Whoever it was, he hadn’t been here long. Maybe that was why it had taken so long to find the damn thing. Maybe it had been busy snatching up her friend.
No one can see you crying down here.
For a moment, it seemed the posy had finished. Its limbs paused now, frozen people dangled at the ends of their monstrous tethers, and Sestra waited for anything else to happen. But nothing did. The posy glowed and glowed while serving up her past on a platter.
It glowed so brightly, so wildly. The sight of it stung her eyes.
The monsters are here.
She couldn’t bring herself to look. The sight of it stung. It was too bright. Her skin felt like worms. Or was it tentacles? She didn’t want to look. She didn’t want to be here. She regretted everything. There was so much to regret, and she did. Oh, did she.
Everything.
The stillness ached. She wanted her sister.
It had everyone else. It had everything. It had gone and found them and tucked them into its breast, and now it stopped?
Where is she? Where the fuck is my sister?
She waited for the last reveal. There had to be one more.
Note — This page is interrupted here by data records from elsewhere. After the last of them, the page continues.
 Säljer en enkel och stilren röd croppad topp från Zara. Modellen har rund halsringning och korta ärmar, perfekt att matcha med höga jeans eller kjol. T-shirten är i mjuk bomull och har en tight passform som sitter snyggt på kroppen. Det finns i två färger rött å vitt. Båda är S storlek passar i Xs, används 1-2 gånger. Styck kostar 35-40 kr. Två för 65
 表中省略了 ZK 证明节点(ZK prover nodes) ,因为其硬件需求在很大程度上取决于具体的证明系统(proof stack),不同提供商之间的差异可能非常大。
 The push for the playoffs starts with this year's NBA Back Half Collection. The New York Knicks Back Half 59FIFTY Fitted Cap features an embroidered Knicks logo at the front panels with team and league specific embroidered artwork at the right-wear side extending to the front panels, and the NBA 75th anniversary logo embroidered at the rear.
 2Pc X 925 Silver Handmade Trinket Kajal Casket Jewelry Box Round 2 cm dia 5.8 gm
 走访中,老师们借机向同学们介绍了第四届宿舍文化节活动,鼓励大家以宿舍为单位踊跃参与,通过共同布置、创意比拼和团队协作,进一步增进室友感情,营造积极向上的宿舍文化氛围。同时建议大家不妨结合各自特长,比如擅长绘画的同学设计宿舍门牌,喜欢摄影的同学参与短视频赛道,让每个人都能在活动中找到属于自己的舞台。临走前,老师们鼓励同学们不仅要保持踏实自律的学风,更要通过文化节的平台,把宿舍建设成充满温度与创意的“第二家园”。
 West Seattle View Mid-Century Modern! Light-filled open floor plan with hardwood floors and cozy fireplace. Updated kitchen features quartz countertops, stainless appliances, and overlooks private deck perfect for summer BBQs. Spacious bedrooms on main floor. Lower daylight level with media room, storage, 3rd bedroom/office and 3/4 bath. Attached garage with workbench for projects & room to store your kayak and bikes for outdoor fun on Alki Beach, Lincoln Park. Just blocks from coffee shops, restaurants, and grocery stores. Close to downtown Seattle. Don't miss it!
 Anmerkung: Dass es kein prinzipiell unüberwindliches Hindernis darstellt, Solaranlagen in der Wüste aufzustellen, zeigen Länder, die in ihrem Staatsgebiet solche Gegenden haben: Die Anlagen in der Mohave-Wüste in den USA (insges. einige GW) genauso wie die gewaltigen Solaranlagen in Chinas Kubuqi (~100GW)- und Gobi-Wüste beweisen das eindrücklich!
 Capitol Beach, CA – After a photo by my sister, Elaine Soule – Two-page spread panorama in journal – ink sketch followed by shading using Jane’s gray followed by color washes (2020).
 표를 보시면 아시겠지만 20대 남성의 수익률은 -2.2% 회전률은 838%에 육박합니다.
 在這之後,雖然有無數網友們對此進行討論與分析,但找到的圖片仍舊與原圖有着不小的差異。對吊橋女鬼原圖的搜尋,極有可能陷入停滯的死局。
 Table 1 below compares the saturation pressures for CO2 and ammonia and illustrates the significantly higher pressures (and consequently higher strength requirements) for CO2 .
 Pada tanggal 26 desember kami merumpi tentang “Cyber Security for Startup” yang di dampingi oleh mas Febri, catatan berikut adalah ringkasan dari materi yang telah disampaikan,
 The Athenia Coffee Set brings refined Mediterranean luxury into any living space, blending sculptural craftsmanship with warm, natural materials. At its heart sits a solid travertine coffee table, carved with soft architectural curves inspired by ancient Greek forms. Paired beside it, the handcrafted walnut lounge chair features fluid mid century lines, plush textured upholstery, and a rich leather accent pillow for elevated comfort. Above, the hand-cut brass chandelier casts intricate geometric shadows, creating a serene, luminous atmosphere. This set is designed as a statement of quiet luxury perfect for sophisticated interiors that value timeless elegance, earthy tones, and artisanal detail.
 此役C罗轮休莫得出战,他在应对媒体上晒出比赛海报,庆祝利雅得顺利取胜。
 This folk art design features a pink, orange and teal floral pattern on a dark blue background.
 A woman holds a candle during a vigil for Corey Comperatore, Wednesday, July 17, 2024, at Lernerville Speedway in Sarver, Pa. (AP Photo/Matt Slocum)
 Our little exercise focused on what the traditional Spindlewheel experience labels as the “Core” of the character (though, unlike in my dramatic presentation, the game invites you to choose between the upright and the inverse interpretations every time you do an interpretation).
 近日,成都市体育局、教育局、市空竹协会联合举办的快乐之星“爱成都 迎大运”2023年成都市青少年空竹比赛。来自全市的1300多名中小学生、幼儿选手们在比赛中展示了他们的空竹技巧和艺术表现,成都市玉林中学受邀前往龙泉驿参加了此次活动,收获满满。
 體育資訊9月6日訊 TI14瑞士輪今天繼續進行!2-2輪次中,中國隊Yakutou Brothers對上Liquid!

She had to be one more.
After all of it, Sestra still didn’t get it. She might not ever. So the posy reached into its clutches and flung out one last body.
The world melted into alien hues of green and blue and black, and then she was alone.
But she wasn’t.
A gentle hand landed on her shoulder. Thea knew it immediately.
“Where the hell have you been?” she asked.
“Here. I’ve always been here,” said Doris.
“Oh really? Just been having a rest with a posy, have you? Having a grand old time while the rest of us are up there dying?” The very sound of her sister’s voice was like a reset, immediately dropping her back on the streets, back into the rage and sorrow and rejection.
“That’s exactly what I’ve been doing, Thea. Exactly it.”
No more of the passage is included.